Microsoft’s pivot to selling subscriptions for its Office software (part of the productivity division), especially the cloud version (Office 365) is paying off, although those figures are reported over the lifetime of a subscription as opposed to being accounted for all at once. The Surface tablet also continues to be a success against the odds.
Teams is competitive
Also in the productivity division is its Teams video conferencing software built into Office.
Working-from-home demand has enabled Teams to extend its reach, with adoption helped by being bundled into the Office suite of products.
In a back-handed compliment to the execution of the Team integration with Office 365, enterprise productivity newcomer Slack has filed a complaint against Microsoft with the European Commission.
Slack is accusing the Redmond-based company of using the same allegedly anti-competitive practices deployed in the so-called browser wars at the beginning of the internet era, when its bundling of the Internet Explorer browser with its Windows PC operating system was said to have contributed to the death of pioneering web browser Netscape.
Chief executive Satya Nadella said last week that the firm would not be easing up on investment. “The world will come out of this, and we will come out stronger if we invest during this phase.”
Strength where Big Tech rivals are weaker
He could be right. Although cloud computing is a key driver of future growth, Microsoft has a strong position in other growth areas where its Big Tech competitors are relatively weaker.
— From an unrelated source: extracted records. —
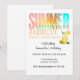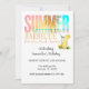 Refreshing summer barbecue, birthday, or party invitation in cheerful summer colours of yellow, orange, and blue, also featuring a thirst-quenching glass of lemonade.
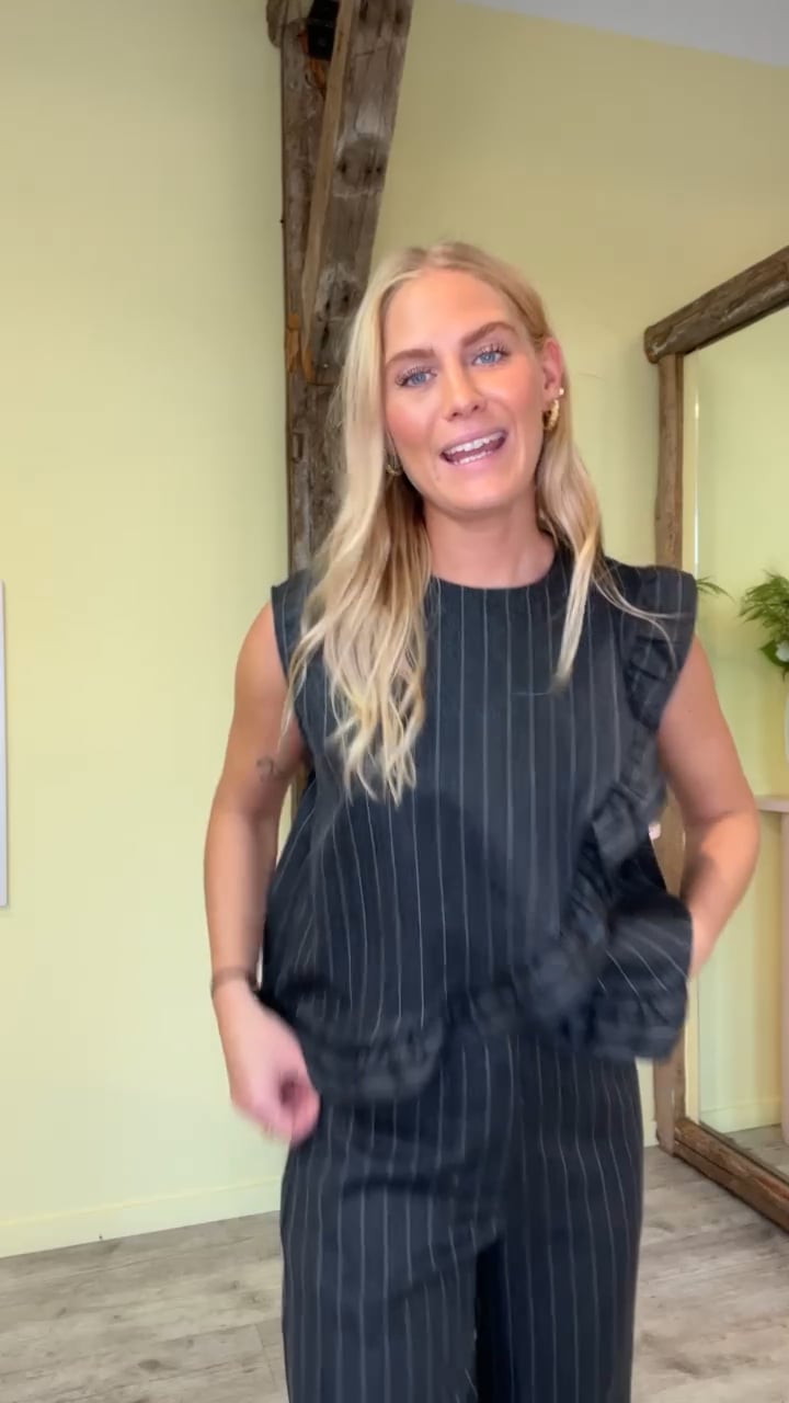 Et par virkelig smarte bukser fra Ichi. Disse bukser har vide ben, en høj talje, skjult knap og lynlås og skrålommer. Bukserne er super smarte til hverdagen - eksempelvis med en strik eller en blazer eller den matchende top!
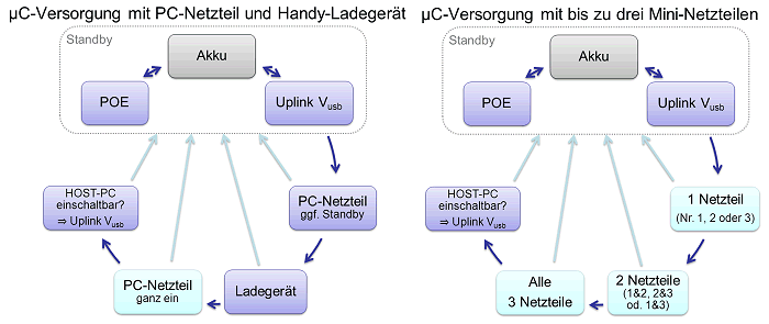 Wenn das System über USB vom Host gesteuert wird, verhält sich das Gerät in der Regel wie ein "self-powered USB-device". Im Standby-Betrieb nutzt das System je nach Verfügbarkeit ggf. 100mA oder 500mA vom USB-Uplink zum Host-PC, um den Akku geladen zu halten. Wenn POE nicht verfügbar ist kann das System bei niedrigem Ladestand des Akkus über die 230V-Relaisbox auch eines der Netzteile einschalten, um sich dann aus dem Netzteil mit Strom für eine Akku-Schnelladung zu versorgen.
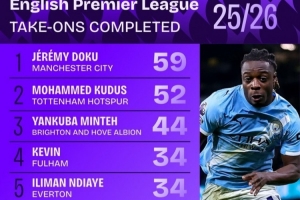 英超成功过人榜:多库压库杜斯居首,萨卡、塞梅尼奥、库尼亚在列
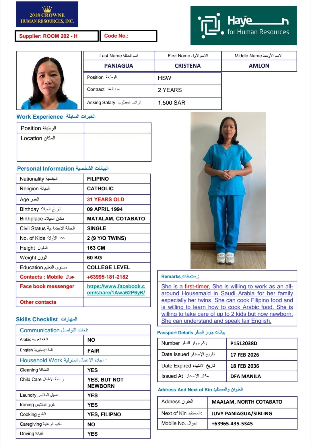 | المهنة: | عاملة منزلية |
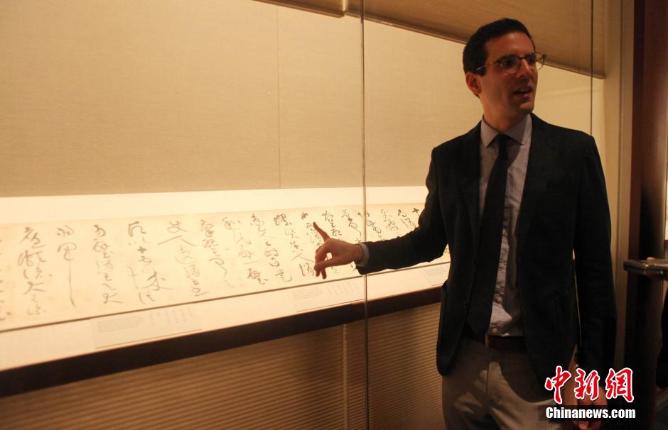 纽约大都会博物馆将于当地时间10月31日起推出馆藏中国书画精品展,韩干的《照夜白图》、黄庭坚的《廉颇蔺相如传》、李公麟的《孝经图》等110件传世经典将分两期与参观者见面。图为大都会博物馆中国书画部主任史耀华介绍北宋文学家、书法家黄庭坚的草书长卷《廉颇蔺相如传》。 中新社记者 邓敏 摄

So while Amazon commands 47% of the market share in public cloud infrastructure, with Microsoft in second place on 15.5% according to Gartner, and bringing up the rear Alibaba (7.7%), Google (4%) and IBM (1.8%), it is a very different story in gaming.
Here, consoles are still the key, and Sony’s Playstation and Microsoft’s Xbox are really the only players in town, dividing the spoils 65%/35%, respectively.
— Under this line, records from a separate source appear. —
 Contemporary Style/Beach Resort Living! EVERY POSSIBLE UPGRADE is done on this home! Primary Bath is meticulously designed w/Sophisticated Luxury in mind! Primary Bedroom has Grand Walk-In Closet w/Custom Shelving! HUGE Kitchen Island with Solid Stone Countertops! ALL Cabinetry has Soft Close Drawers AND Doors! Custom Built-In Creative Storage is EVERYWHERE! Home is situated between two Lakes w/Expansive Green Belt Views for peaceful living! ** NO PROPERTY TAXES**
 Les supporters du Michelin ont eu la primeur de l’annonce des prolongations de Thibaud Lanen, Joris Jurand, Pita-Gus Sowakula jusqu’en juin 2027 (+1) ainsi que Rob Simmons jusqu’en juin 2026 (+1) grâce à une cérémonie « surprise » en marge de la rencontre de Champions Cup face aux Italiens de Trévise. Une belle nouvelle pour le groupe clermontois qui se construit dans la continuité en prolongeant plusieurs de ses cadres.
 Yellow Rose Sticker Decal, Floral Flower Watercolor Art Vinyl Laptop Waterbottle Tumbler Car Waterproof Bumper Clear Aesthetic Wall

Certainly e-sports is a fast-growing segment that will become increasingly important, but Microsoft is innovating here too, in a left-field sort of way.
It’s new Together mode in Teams has just won itself an important shop window through a tie-up with the National Basketball Association that allows spectators to be virtually present court-side at NBA games, using clever AI segmentation technology (much more than mere virtual backgrounds).
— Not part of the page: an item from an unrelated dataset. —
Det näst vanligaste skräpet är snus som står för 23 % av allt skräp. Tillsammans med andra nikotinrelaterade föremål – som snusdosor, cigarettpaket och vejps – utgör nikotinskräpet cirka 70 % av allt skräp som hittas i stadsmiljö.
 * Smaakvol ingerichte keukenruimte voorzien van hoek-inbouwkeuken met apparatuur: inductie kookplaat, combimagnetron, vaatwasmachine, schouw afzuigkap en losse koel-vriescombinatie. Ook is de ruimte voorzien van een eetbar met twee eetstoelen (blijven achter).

Zoom should be worried too
And while we are on Teams, it can’t be stressed enough that Zoom should be nervous.
Microsoft is doubling down on its strengths in security and indirectly highlighting Zoom’s own difficulties in that area. It is also integrating its own and third-party apps more deeply into Teams as it becomes a full-blown platform.
Call and talk experience is being constantly improved, with a new Walkie-Talkie feature in beta just the latest such improvement. There are also new feature-rich back-end admin and management features.
The enhancement, as it describes it, of its Power Platform feature set enables the building and deployment of bots and apps all from inside Teams. Zoom may have some catching up to do.
The appetite for innovation doesn’t stop there. The company is currently testing the use of hydrogen fuel cells to provide power back-up for its data centres.
Standing out from the Big Tech crowd – shares a buy with $260 target?
With uncertainty beginning to creep in around the sky-high valuations in Big Tech, Microsoft may be the one that stands out from the crowd in terms of the diversity of its revenue streams.
However, bear in mind, on a price/earnings ratio of 35.18, Microsoft is even more richly valued than Apple on 29.95 (trailing twelve month).
Dan Ives of Wedbush Securities said: “Any knee-jerk reaction negative will be short-lived. Strong guidance and cloud story is just resonating massively in Redmond. $260 price target; $300 bull case, he told Bloomberg last week.